Basic Science Reports

Inhibition of Myosin Phosphatase by Upregulated Rho-Kinase Plays a Key Role for Coronary Artery Spasm in a Porcine Model With Interleukin-1ß

Tadashi Kandabashi, MD; Hiroaki Shimokawa, MD, PhD; Kenji Miyata, MD; Ikuko Kunihiro, BS; Yoji Kawano, PhD; Yuko Fukata, MD, PhD; Taiki Higo, MD; Kensuke Egashira, MD, PhD; Shosuke Takahashi, MD, PhD; Kozo Kaibuchi, MD, PhD; Akira Takeshita, MD, PhD

From the Departments of Cardiovascular Medicine (T.K., H.S., K.M., I.K., T.H., K.E., A.T.) and Anesthesiology and Critical Care Medicine (T.K., S.T.), Graduate School of Medical Sciences, Kyushu University, Fukuoka, and the Division of Signal Transduction, Nara Institute of Science and Technology (Y.K., Y.F., K.K.), Ikoma, Japan.

Correspondence to Hiroaki Shimokawa, MD, PhD, Department of Cardiovascular Medicine, Graduate School of Medical Sciences, Kyushu University, 3-1-1 Maidashi, Higashi-ku, Fukuoka 812-8582, Japan. E-mail shimo{at}cardiol.med.kyushu-u.ac.jp

Background—We recently demonstrated that the Rho-kinase–mediated pathway plays an important role for coronary artery spasm in our porcine model with interleukin-1ß (IL-1ß). In this study, we examined whether or not Rho-kinase is upregulated at the spastic site and if so, how it induces vascular smooth muscle hypercontraction.
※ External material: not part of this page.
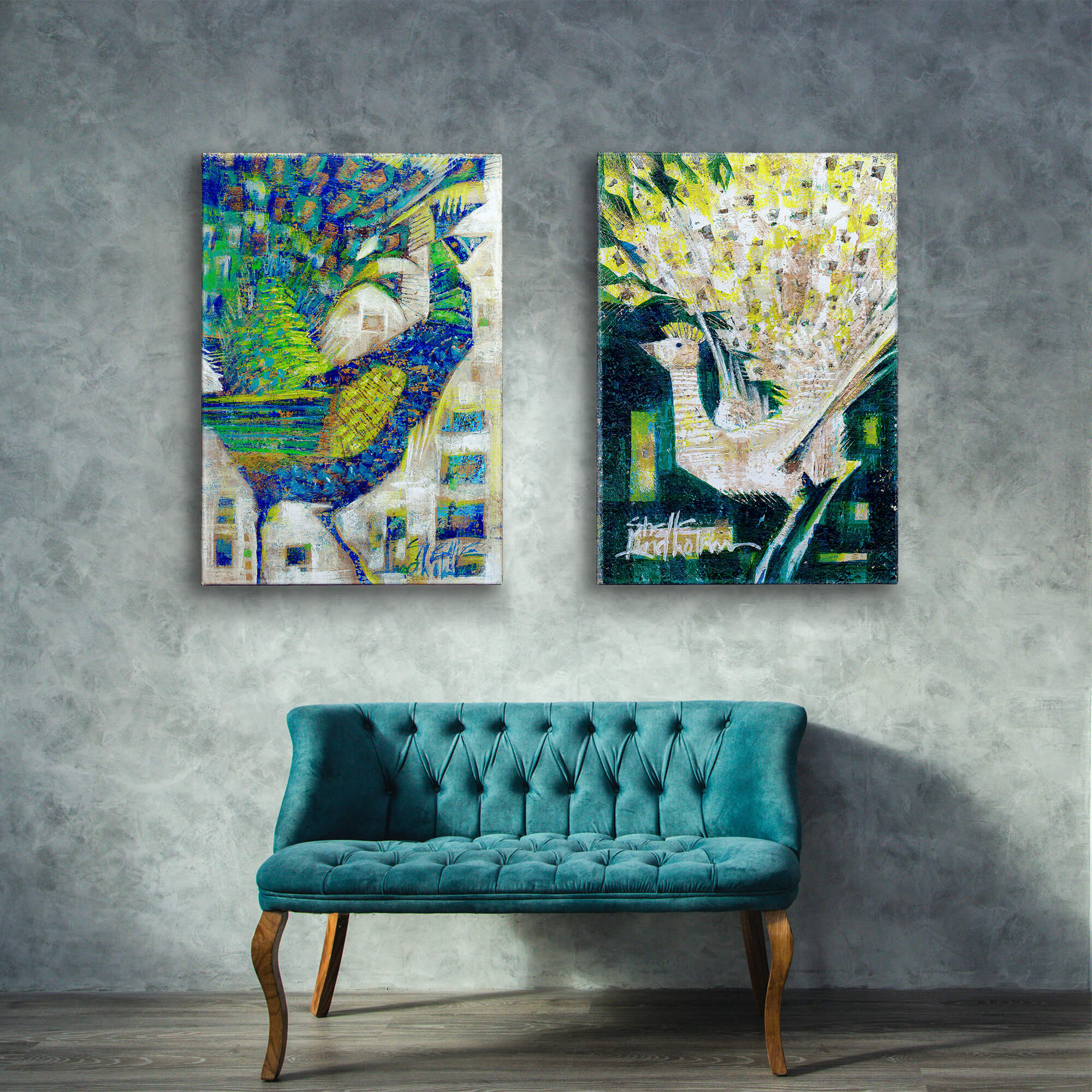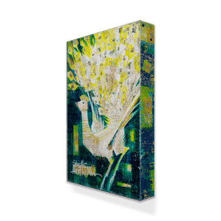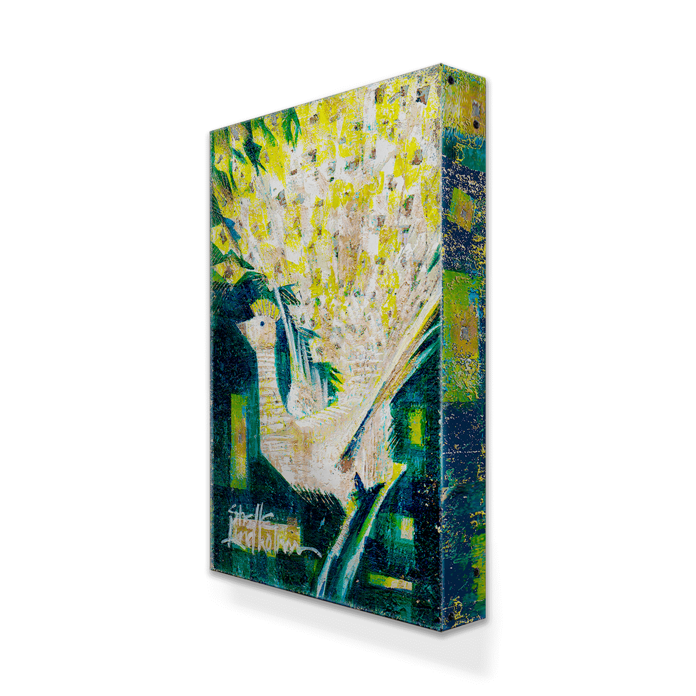 Bring elegance and light to your space with this captivating artwork of a white peacock fanning its feathers against a lush green backdrop. The soft, textured details and vibrant palette create a sense of movement and grace, making it a perfect centerpiece for any room. Ideal for art lovers seeking a blend of sophistication and natural beauty.

Methods and Results—Segments of the left porcine coronary artery were chronically treated from the adventitia with IL-1ß–bound microbeads. Two weeks after the operation, as reported previously, intracoronary serotonin repeatedly induced coronary hypercontractions at the IL-1ß–treated site both in vivo and in vitro, which were markedly inhibited by Y-27632, one of the specific inhibitors of Rho-kinase. Reverse transcription–polymerase chain reaction analysis demonstrated that the expression of Rho-kinase mRNA was significantly increased in the spastic compared with the control segment. Western blot analysis showed that during the serotonin-induced contractions, the extent of phosphorylation of the myosin-binding subunit of myosin phosphatase (MBS), one of the major substrates of Rho-kinase, was significantly greater in the spastic than in the control segment and that the increase in MBS phosphorylations was also markedly inhibited by Y-27632. There was a highly significant correlation between the extent of MBS phosphorylations and that of contractions.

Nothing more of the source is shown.